Few injuries are as devastating or potentially life-altering as those that impact the brain. In recent years, there has been a wealth of knowledge that’s been uncovered with regard to the negative and long-term side effects of even mild brain injuries.
A brain injury may result in an individual suffering deficiencies in cognitive and motor functioning. While over time injuries related to broken bones and lacerations heal, damage suffered to the brain is permanent in nature. Given this fact, brain injuries among children can be especially serious and may result in a child suffering the ill-effects of a brain injury his or her entire life.
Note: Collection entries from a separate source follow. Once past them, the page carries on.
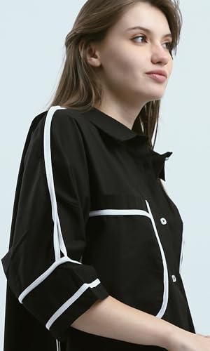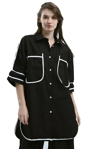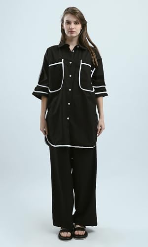 Ravin - قميص صيفي عصري بأكمام الكوع مع جيوب للنساء من ريفين، لون أسود
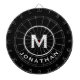 Conselho preto moderno com tipografia de blocos clássicos inicial e nome em branco. Personalize com nome e inicial.
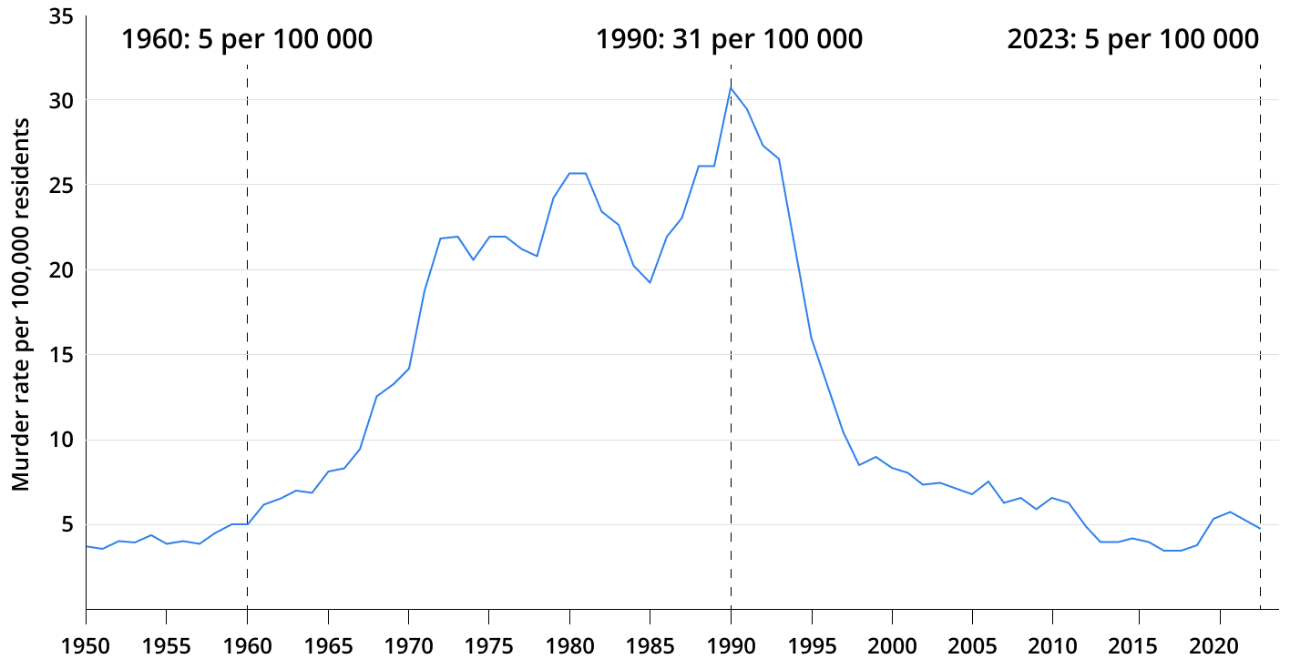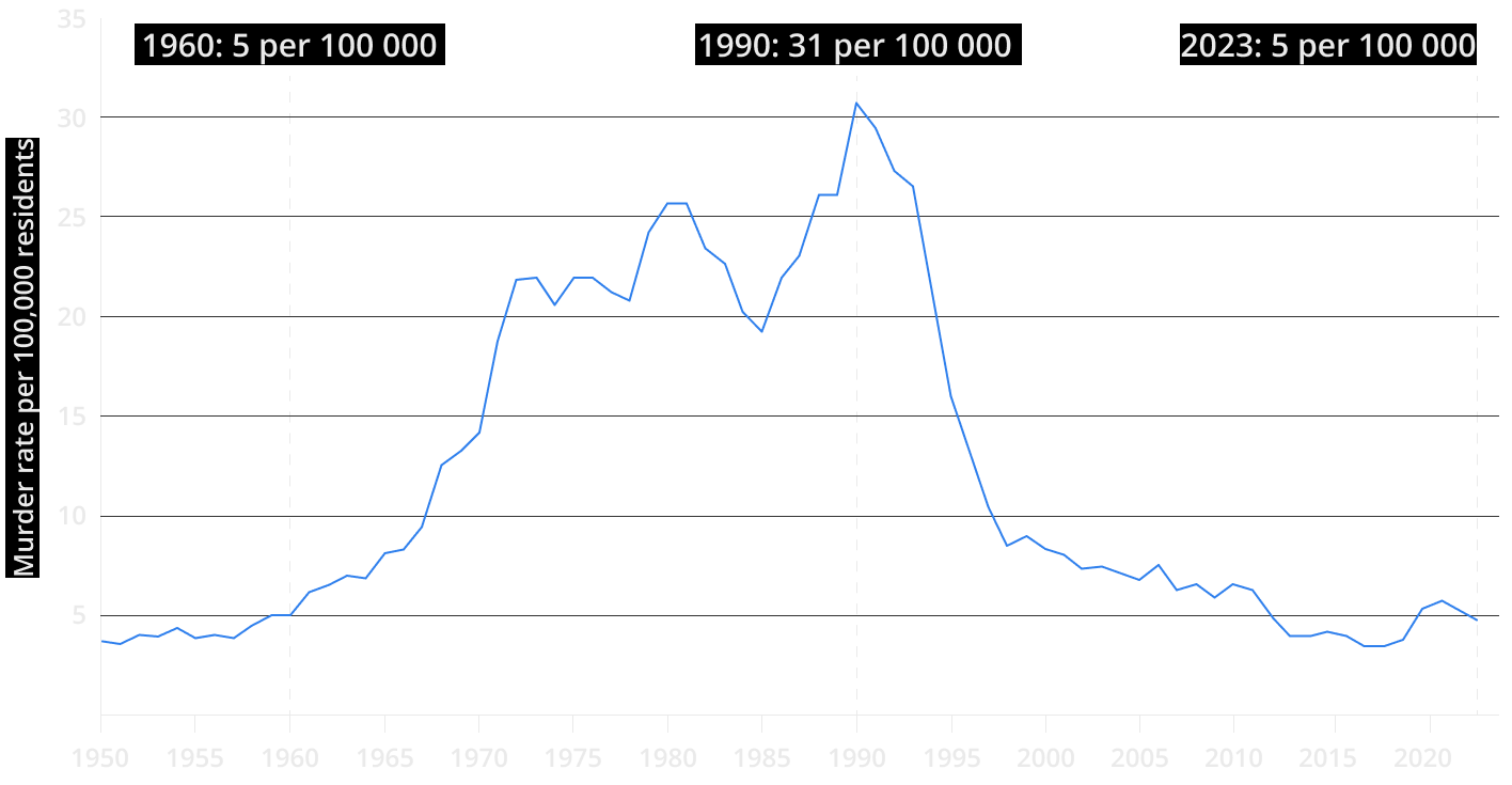 So, in recent years, even in the U.S. capital, Washington, D.C., there was a spike up to 40 murders per 100,000 people; in Detroit, the rate reached 50, in St. Louis 70, and in New Orleans 72. And levels like that are nothing unusual for America. The country has basically been living in the “wild nineties” for half a century now.

A groundbreaking study was recently released in which researchers evaluated more than 43,000 child brain injury patients from 25 different emergency rooms across the U.S. Data collected in the study provides insight into the leading causes of brain injuries in children of varying ages.
For example researchers discovered that falls are overwhelmingly the most common cause of brain injuries in children ages birth to two. For children between the ages of two and 12, at 38 percent, the percentage of brain injuries attributable to falls remains high. In cases where a brain injury resulted from a bicycle accident, less than 20 percent of children were wearing a bike helmet.
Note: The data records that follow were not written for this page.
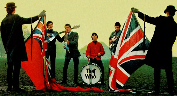 19 Nov. 1965, at the Glad Rag Ball, Wembley. Pete appears to be both playing through a (likely two) Marshall JTM45 100 Tremolo (prototype 1959T JTM100 Super Lead) 100-watt amplifier driving a Marshall 8×12 cabinet adorned with the Union Jack. John is using 1959 JTM100 Super Lead. (Marshall 1969 PA 4×12 cab visible at far left.)
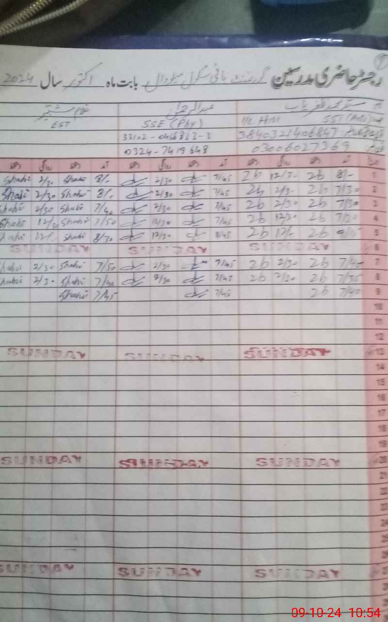 | Name: Sy**** Mu**** Za**** Designation: (School Headmaster's/Headmistress's) Inch HEADMASTER Phone/Cell Number: 03**** |
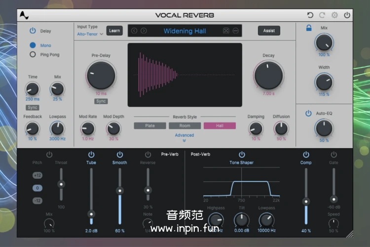 - Tone Shaper, Compressor, Gate, Width:这是五种后混响效果,可以让你在混响之后调整人声的音色,压缩,门限,和宽度。
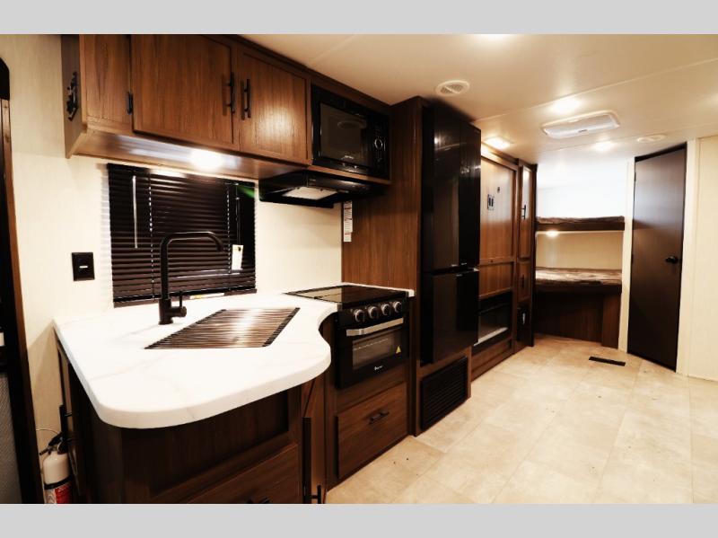 Spacious, lightweight, and family-friendly—enjoy a queen bed, bunkhouse, full kitchen, modern bath, solar prep, outdoor kitchen, and tons of storage in this 2025 Forest River Westbrook 27CC!
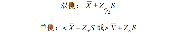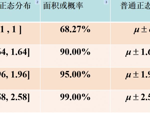 医学上所指的参考值范围是指绝大多数“正常”人的解剖、生理、生化指标及组织代谢产物含量等数据的波动范围。比如定量体外诊断试剂中的阳性判断值范围很多时候要依据样本中检测物质的参考值范围来定,这就需要利用统计学对参考值范围进行估计。下面的表格里的计算公式我们经常见到,那么1.64 ,1.96,2.58这些数值是怎么来的呢?其实就是按照我上面所说的标准正态分布换算得来的,规定了固定的面积或者概率,换算得来的X的值。大家若想一探究竟,可以网上搜一下标准正态分布密度函数公式,将0.95 ,0.99代入,算出对应的X的值,看是否是我们常用的那几个数字。
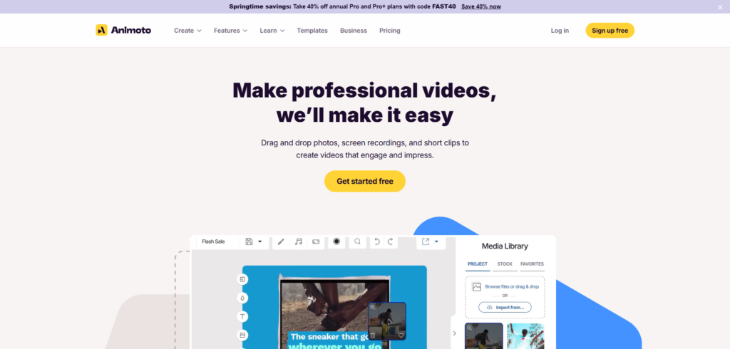 Animoto focuses on simplicity, making it one of the Best UGC Video Makers for Creating YouTube Shorts for beginners and small businesses.
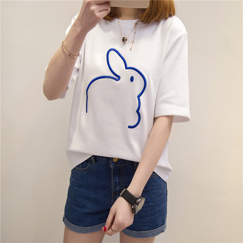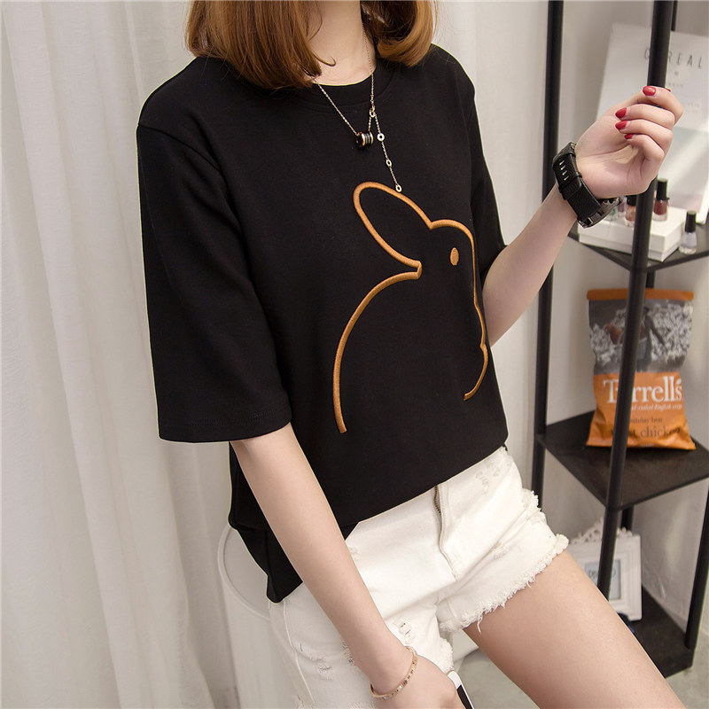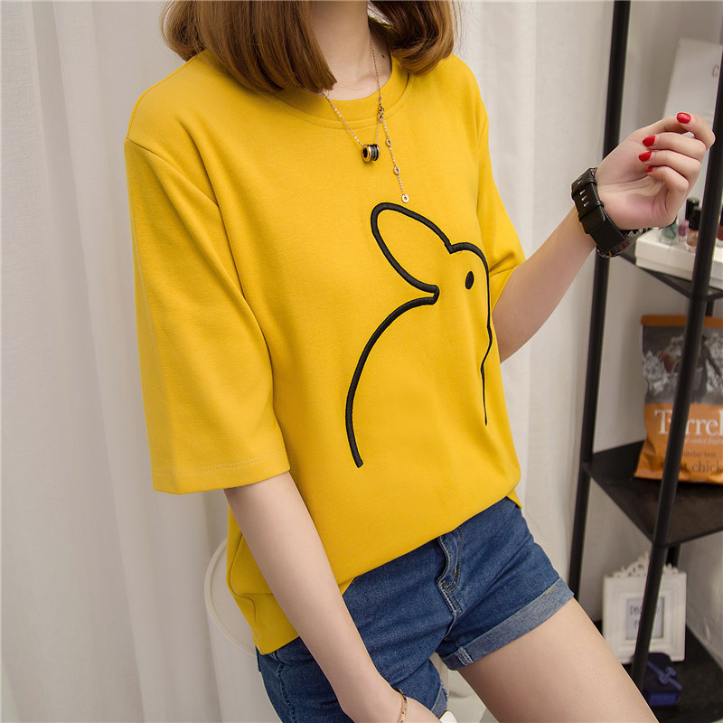 夏裝新款潮女裝上衣短袖t恤女寬松套頭韓版體恤衫女學生百搭
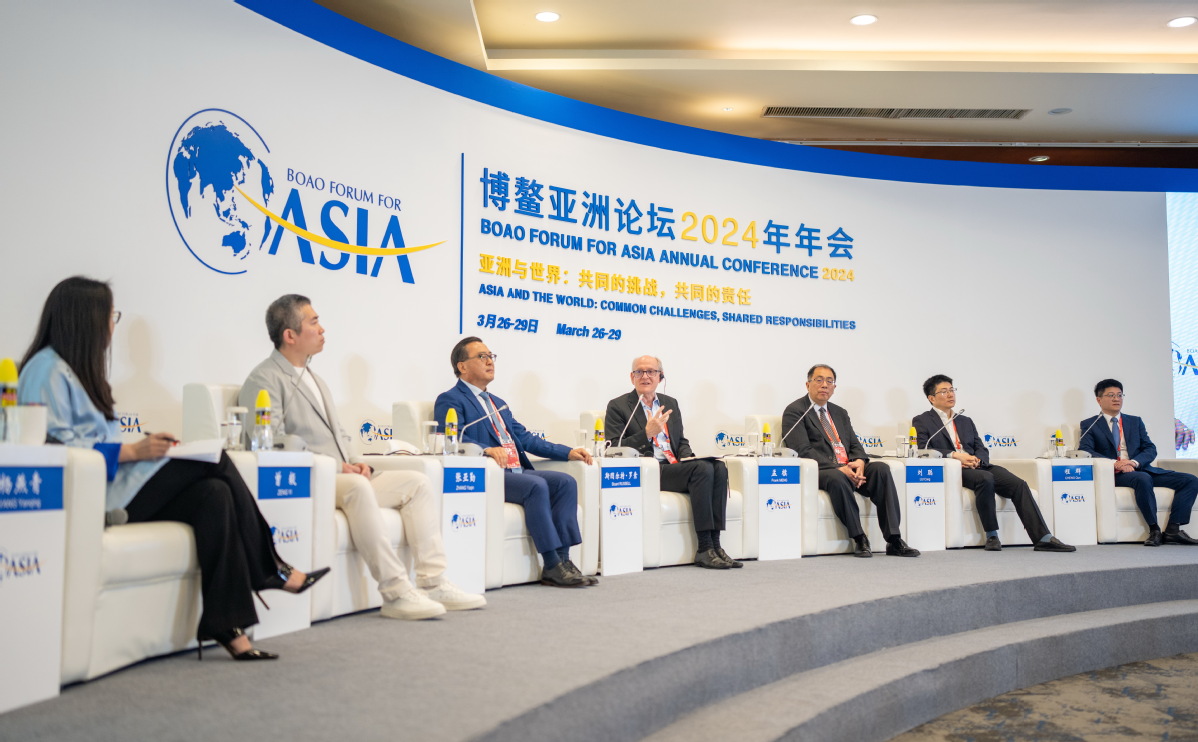Participants discuss AI issues at the ongoing Boao Forum for Asia Annual Conference 2024 in Boao, Hainan province, on Wednesday. FENG YONGBIN/CHINA DAILY

For teens ages 13 to 17, 19 percent of brain injuries were sports-related. Additionally, 18 percent of patients were diagnosed with a brain injury after being involved in a motor vehicle accident. Of these teens, less than 50 percent reported wearing a seat belt at the time the accident occurred.
Accidents happen and there will likely always be children who are injured while playing sports, riding a bike or riding in a car. While these types of accidents may be difficult to prevent altogether, safety equipment like helmets and seat belts can greatly reduce the likelihood that a child will suffer a devastating and life-altering brain injury.